§ WHAT YOU SHOULD DO
From the first line to the last, restate the records word for word, skipping the pictures.

Data excerpts:
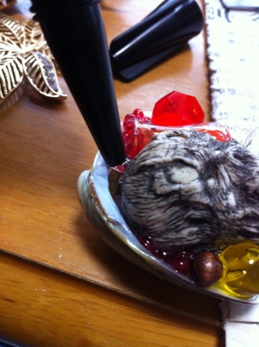 以前キャストで複製したカメオ台を使って試しに作ってみました。モチーフと質感が合わせられるのが良いかも。
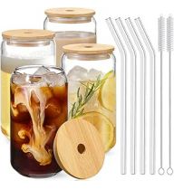 Drinking Glasses with Bamboo Lids and Glass Straw 4pcs Set - 16oz Glass Cups, Iced Coffee Glasses, Cute iced Tea Glasses, Beer Glasses, Ideal for Coffee Bar Accessories, Aesthetic Gift - 2 Brushes
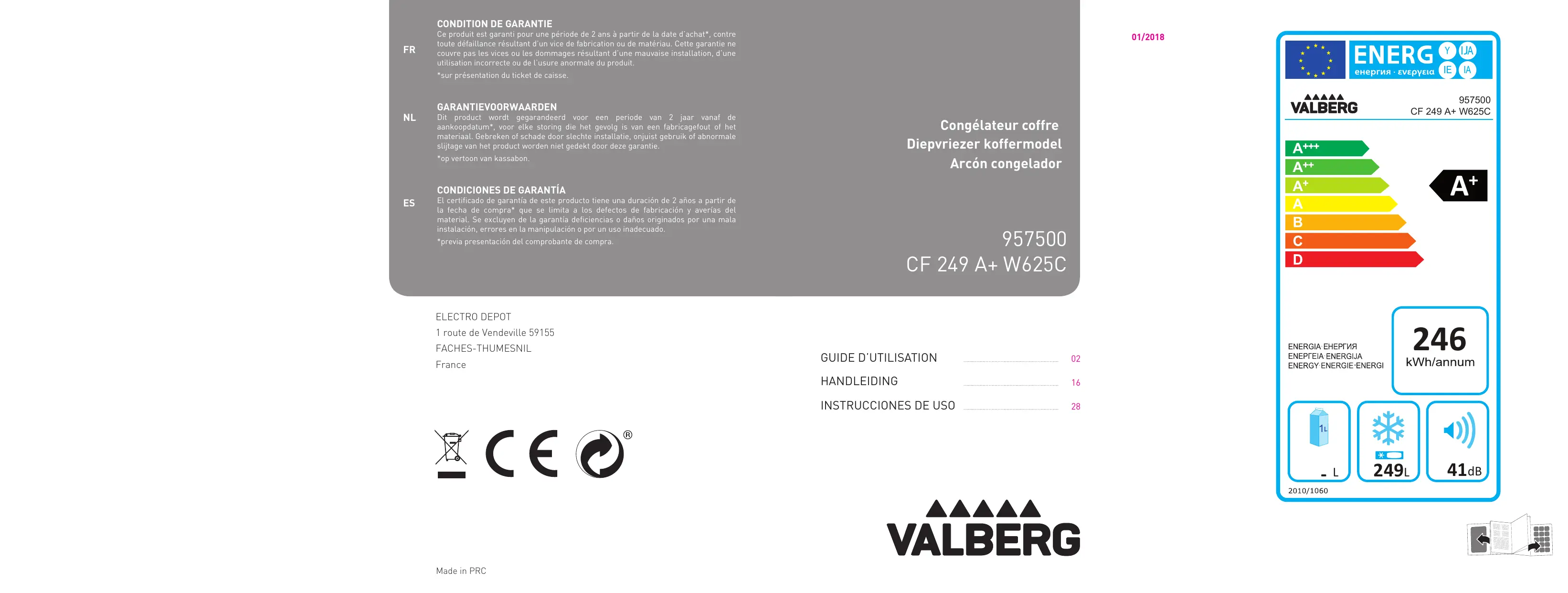CF 249 A+ W625C - Congélateur coffre VALBERG - Notice d'utilisation et mode d'emploi gratuit
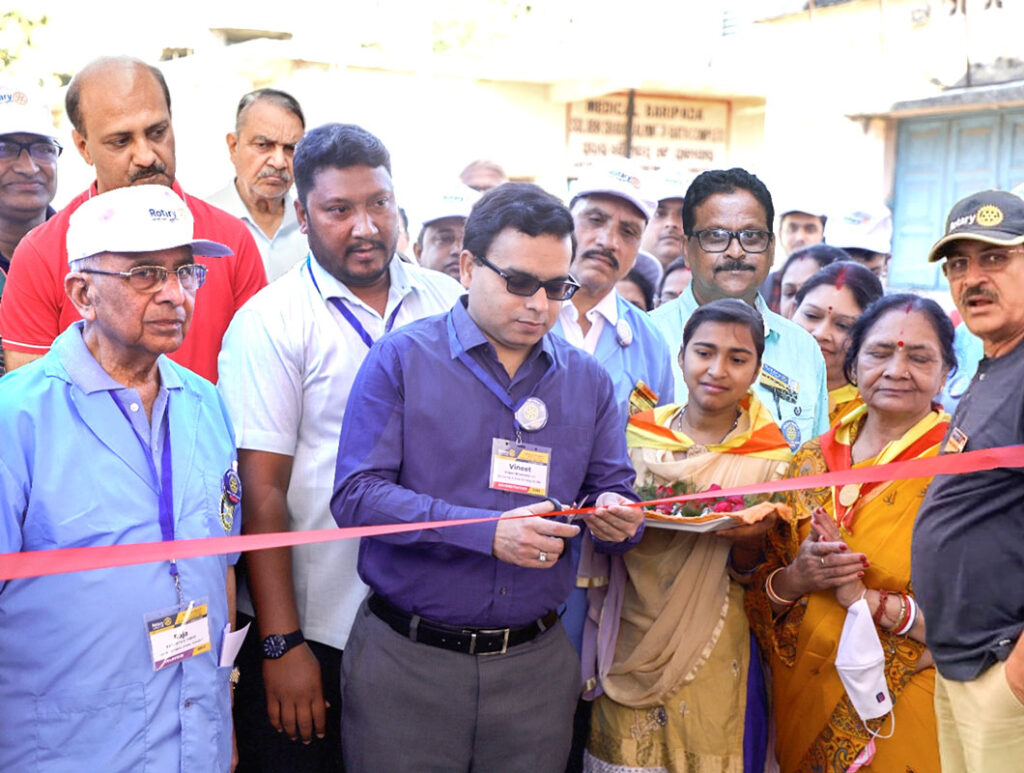 Fast forward to the medical mission in February 2023 in Baripada. Our team of doctors and volunteers took the flights and were received by DG Pravudutta Subudhi and other leaders of the district. At the hotel, our team was received by the seniormost PDG D N Padhi and his wife Deepa. Past governors of the district met for reception and dinner. Next morning we took the Innovas for Baripada and after a wholesome vegetarian lunch we reached our destination.
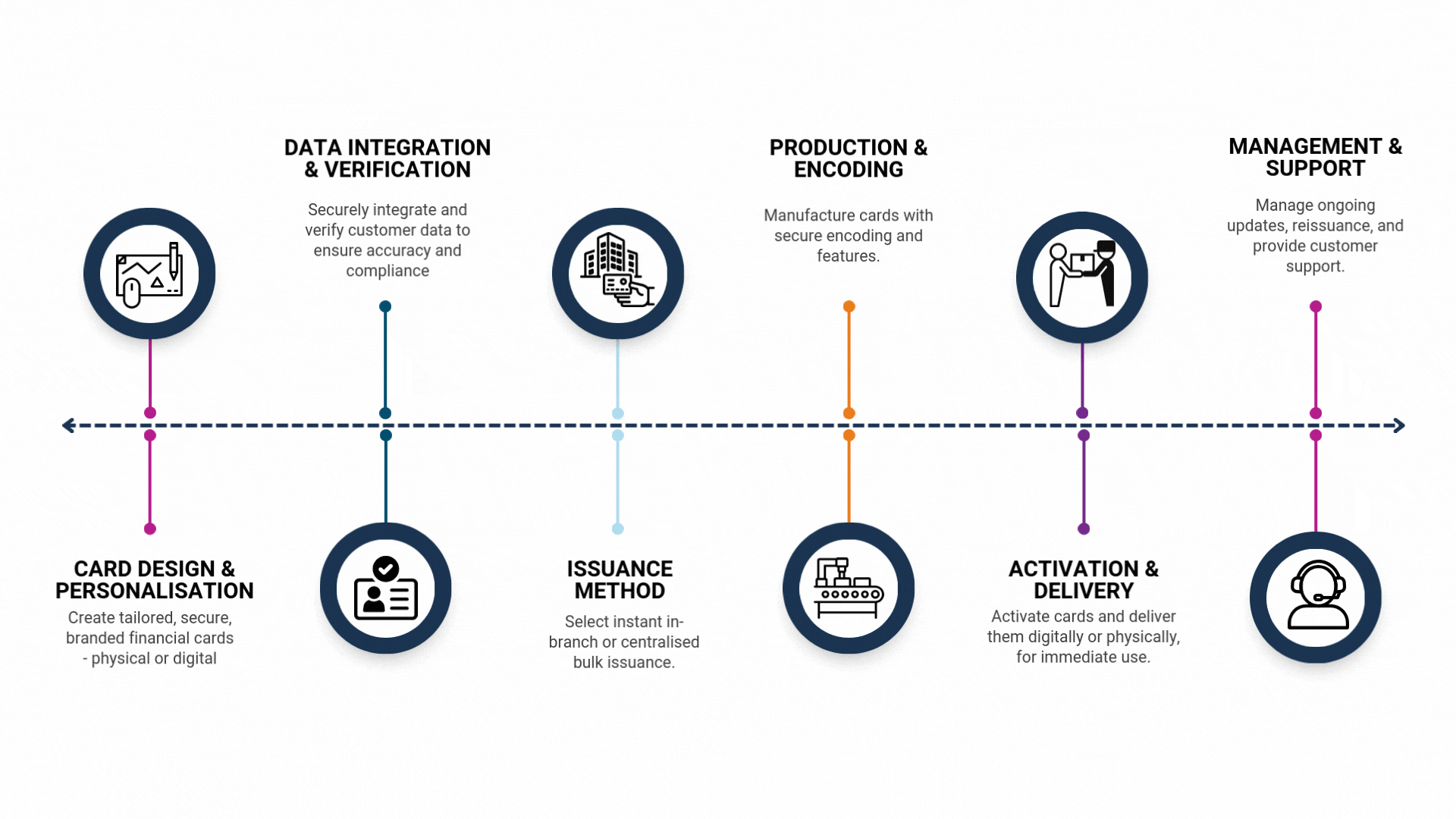 Expand your operations through high-volume card issuance and customisation. This solution is ideally suited for large financial institutions and service bureaus, facilitating mass issuance while maintaining consistent quality, security, and efficiency at every stage of the process.
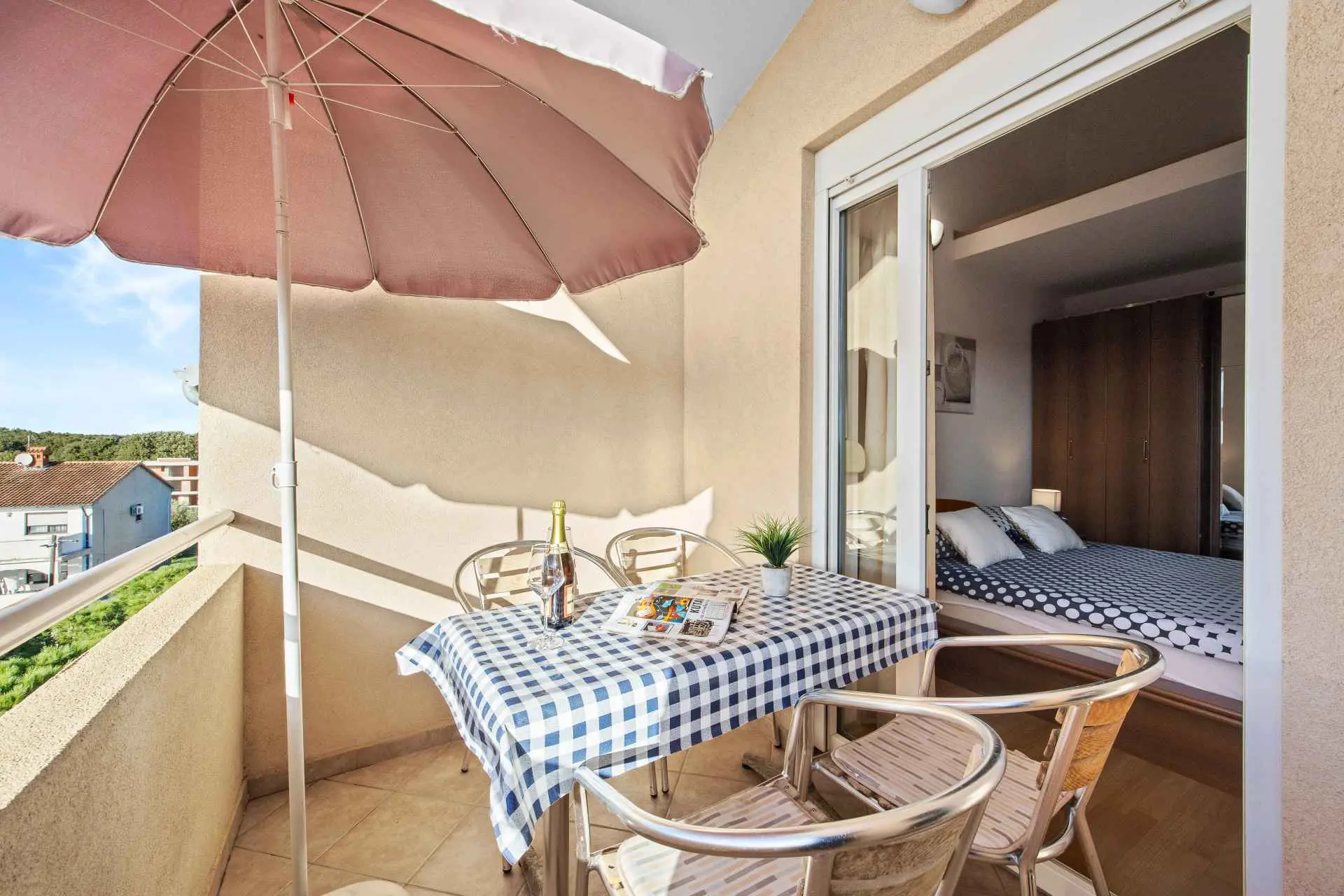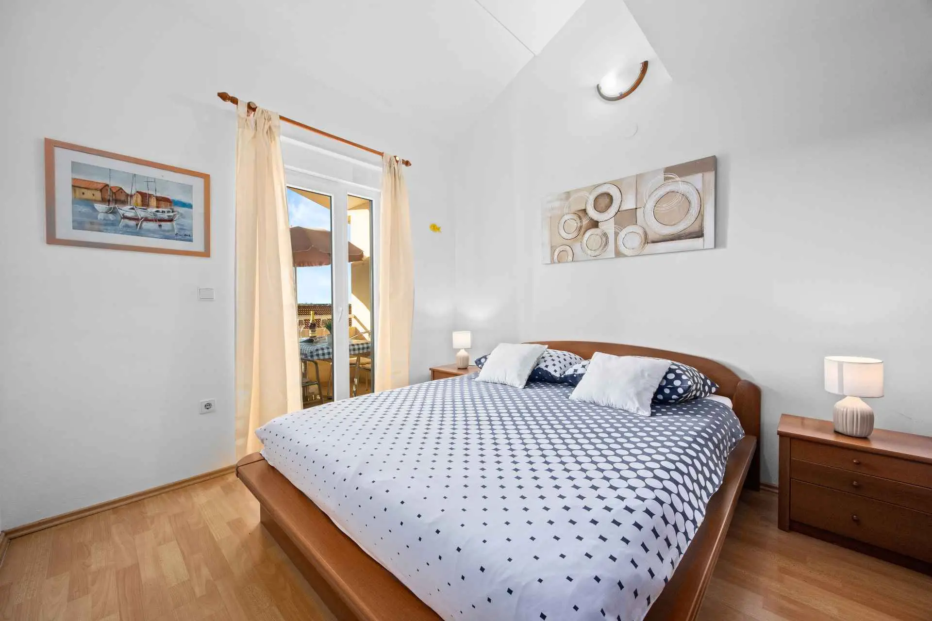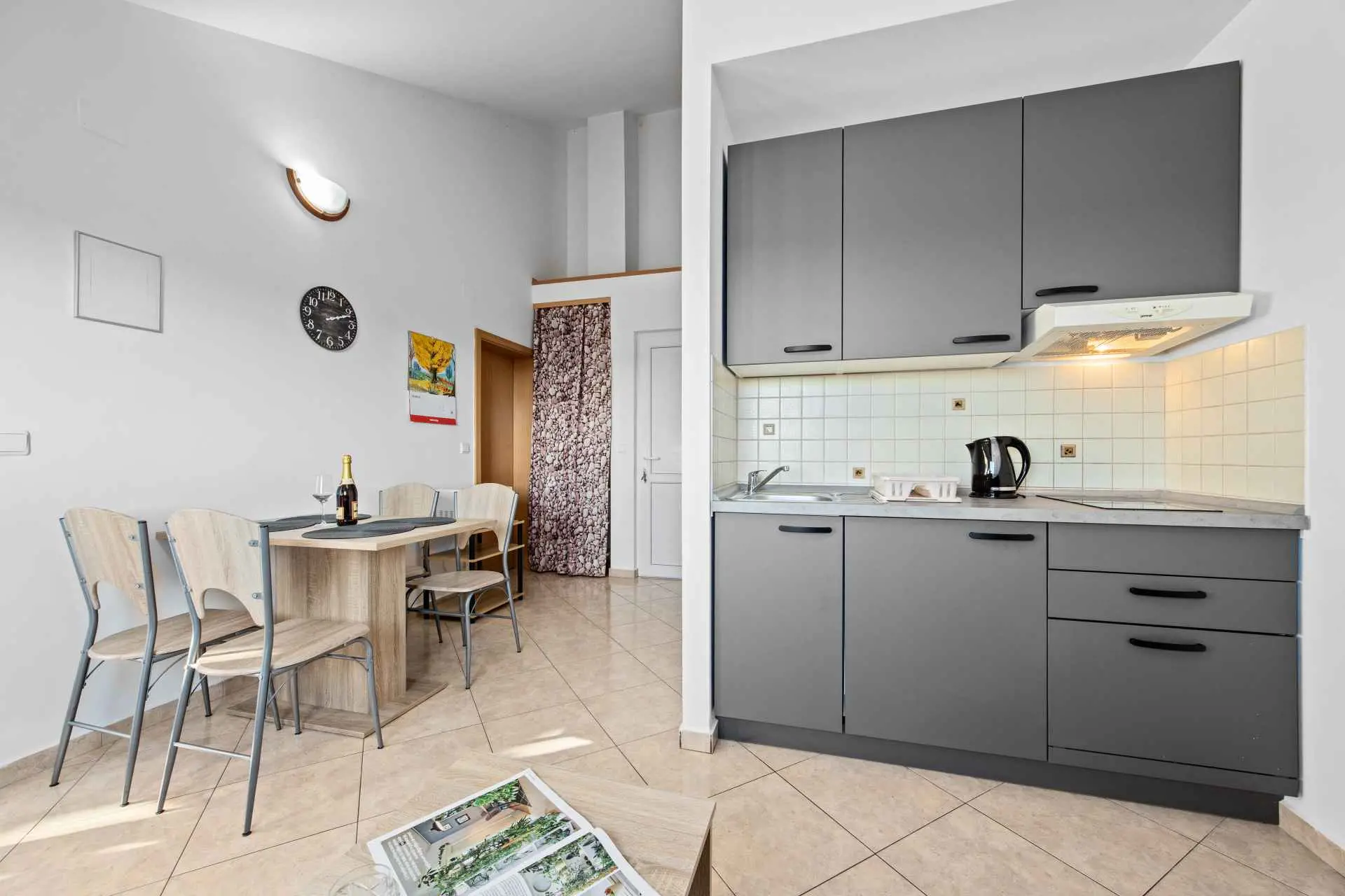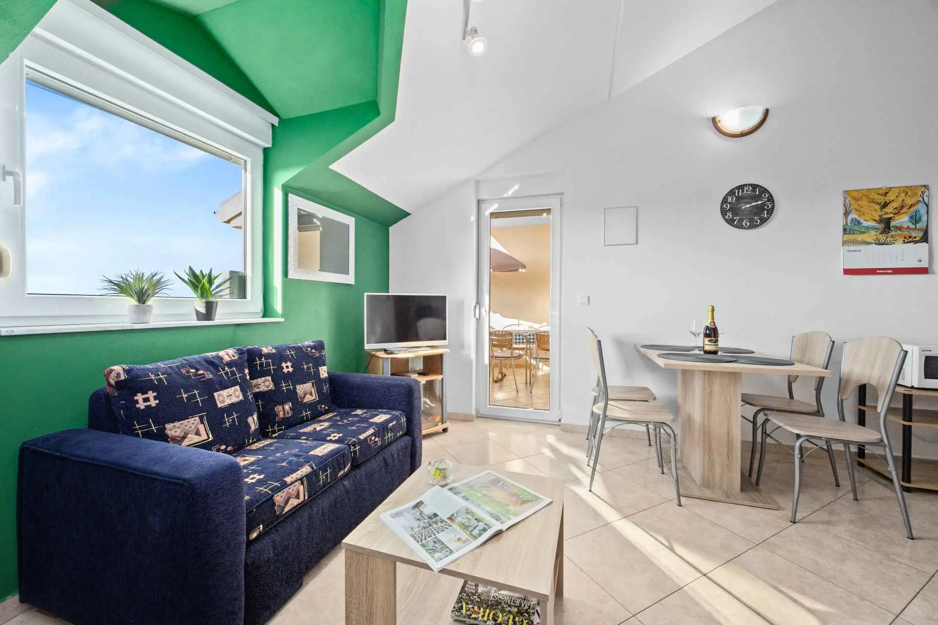 Medulin, eenkamer nieuw appartement van 35 m2 op de derde verdieping (2 + 2). Het appartement heeft een aparte slaapkamer, badkamer, hal, woonkamer met keuken en een mooie loggia. Het appartement is luchtig en heeft een zeezicht. Het is 700 m van de zee. Er zijn een paar discotheken en cafés voor jongeren in de buurt, evenals een funfair en een familiepark, en voor de ouderen is er live muziek op zomerse terrassen. Winkels, restaurants, postkantoor, bank, apotheek, benzinestation en alle andere inhoud vindt u in de nabijheid van het appartement. Medulin is een bekende toeristische stad, 10 km ten zuidoosten van Pula, in het noordoosten van de Medulin baai. Zuidoost van de nederzetting is het schiereiland Kašteja met zandstranden en dennenbossen. Op het schiereiland is een groot kamp te vinden. Op de kaap Kašteja zijn er resten van een prehistorische fort nederzetting, en op het schiereiland Vižula was er een nederzetting in de periode van het oude Neolithicum. Overblijfselen van Romeinse villa's (Villae Rusticae) zijn ontdekt aan de kust. Op de berg Vrcevan (71 m) zijn resten van het prehistorische leven gevonden. De kerk van St. Agnes in Medulin is erg interessant, het heeft twee identieke torens (klaar in 1912). Toerisme heeft sterk invloed op de ontwikkeling van Medulin.

§ WRITTEN RESPONSE
 以前キャストで複製したカメオ台を使って試しに作ってみました。モチーフと質感が合わせられるのが良いかも。
 Drinking Glasses with Bamboo Lids and Glass Straw 4pcs Set - 16oz Glass Cups, Iced Coffee Glasses, Cute iced Tea Glasses, Beer Glasses, Ideal for Coffee Bar Accessories, Aesthetic Gift - 2 Brushes
CF 249 A+ W625C - Congélateur coffre VALBERG - Notice d'utilisation et mode d'emploi gratuit
 Fast forward to the medical mission in February 2023 in Baripada. Our team of doctors and volunteers took the flights and were received by DG Pravudutta Subudhi and other leaders of the district. At the hotel, our team was received by the seniormost PDG D N Padhi and his wife Deepa. Past governors of the district met for reception and dinner. Next morning we took the Innovas for Baripada and after a wholesome vegetarian lunch we reached our destination.
 Expand your operations through high-volume card issuance and customisation. This solution is ideally suited for large financial institutions and service bureaus, facilitating mass issuance while maintaining consistent quality, security, and efficiency at every stage of the process.
 Medulin, eenkamer nieuw appartement van 35 m2 op de derde verdieping (2 + 2). Het appartement heeft een aparte slaapkamer, badkamer, hal, woonkamer met keuken en een mooie loggia. Het appartement is luchtig en heeft een zeezicht. Het is 700 m van de zee. Er zijn een paar discotheken en cafés voor jongeren in de buurt, evenals een funfair en een familiepark, en voor de ouderen is er live muziek op zomerse terrassen. Winkels, restaurants, postkantoor, bank, apotheek, benzinestation en alle andere inhoud vindt u in de nabijheid van het appartement. Medulin is een bekende toeristische stad, 10 km ten zuidoosten van Pula, in het noordoosten van de Medulin baai. Zuidoost van de nederzetting is het schiereiland Kašteja met zandstranden en dennenbossen. Op het schiereiland is een groot kamp te vinden. Op de kaap Kašteja zijn er resten van een prehistorische fort nederzetting, en op het schiereiland Vižula was er een nederzetting in de periode van het oude Neolithicum. Overblijfselen van Romeinse villa's (Villae Rusticae) zijn ontdekt aan de kust. Op de berg Vrcevan (71 m) zijn resten van het prehistorische leven gevonden. De kerk van St. Agnes in Medulin is erg interessant, het heeft twee identieke torens (klaar in 1912). Toerisme heeft sterk invloed op de ontwikkeling van Medulin.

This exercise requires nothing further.